In my own code, I'm doing:

Regex indexRegex = new Regex(categoryListRegex,
RegexOptions.Multiline |
RegexOptions.IgnorePatternWhitespace |
RegexOptions.IgnoreCase);
MatchCollection indexMatches = indexRegex.Matches(pageText);

This only returns one match in indexMatches with the same page that I'm
giving The Regulator. It seems that no matter what combination of regex
options I use, I'm only getting one match.

Why is that? How do I get all 8 matches?

Thanks.

pete

Feb 21 '06 #1

Subscribe Post Reply

3326

Kevin Spencer

Hi Pete,

You need to escape the '<' and '>' characters in your Regurlar Expression.
These are used in some flavors of Regular Expression language to indicate a
named group. If the first (<caturl>) is a group name, name both groups or
neither.

--
HTH,

Kevin Spencer
Microsoft MVP
..Net Developer
To a tea you esteem
a hurting back as a wallet.
"Pete Davis" <pdavis68@[nospam]hotmail.com> wrote in message
news:1e******************************@giganews.com ...

I'm using regular expressions to extract some data and some links from
some web pages. I download the page and then I want to get a list of
certain links.

For building regular expressions, I use an app call The Regulator, which
makes it pretty easy to build and test regular expressions.
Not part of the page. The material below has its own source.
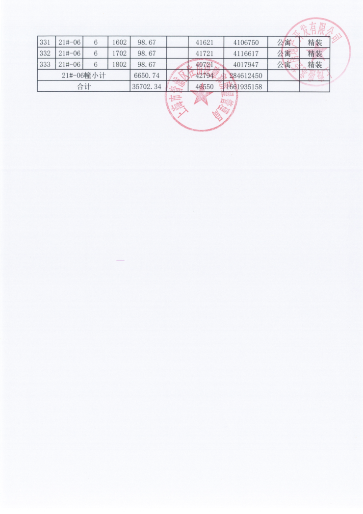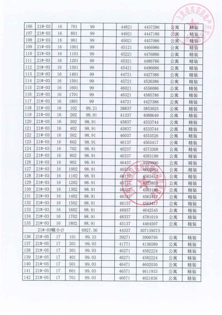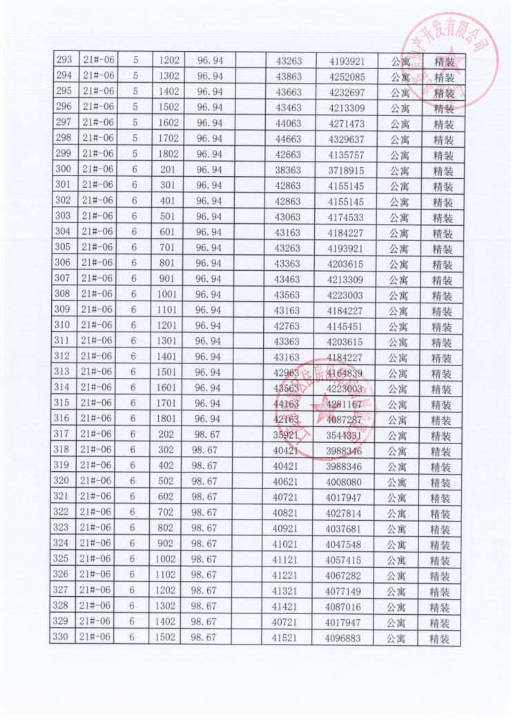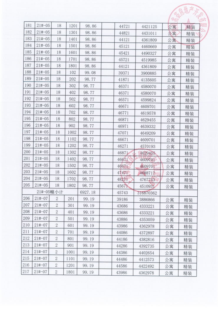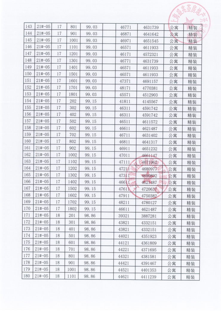 一房一价表: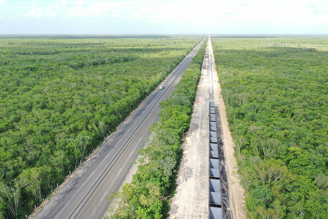 Construcción de doble vía férrea y autopista del Tramo 4 y vía férrea del Tramo 5 Sur del Tren Maya. Los alcances del proyecto incluyen obras complementarias en estaciones, paraderos, entronques, paseos de fauna y paseos inferiores vehiculares.

As a warning, I'm real weak with regular expressions. Let's say my regular
expression is:

(href=)(?<caturl>.*)(class=title>\[   )

Now, using The Regulator and giving it the source for a particular web
page, I get 8 matches.

According to the regulator, the options it's using are:

Multiline, ignore case, ignore whitespace

In my own code, I'm doing:

Regex indexRegex = new Regex(categoryListRegex,
RegexOptions.Multiline |
RegexOptions.IgnorePatternWhitespace |
RegexOptions.IgnoreCase);
MatchCollection indexMatches = indexRegex.Matches(pageText);

This only returns one match in indexMatches with the same page that I'm
giving The Regulator. It seems that no matter what combination of regex
options I use, I'm only getting one match.

Why is that? How do I get all 8 matches?

Thanks.

pete

Feb 21 '06 #2

Pete Davis

Well, there are 3 groups. <caturl> is a group name. The other 2 are unnamed.
Why do they need to be named if <caturl> is named? I'm not interested in the
other groups. I'm simply using them as "delimiters" for lack of a better
word.

I've modified the expression to look like this:

(href=)(?<caturl>.*)(class=title.*\[   )

This gives the exact same results.

The escaping stuff gets a little confusing because the regular expressions
are actually stored in an XML file, so they get escaped for that.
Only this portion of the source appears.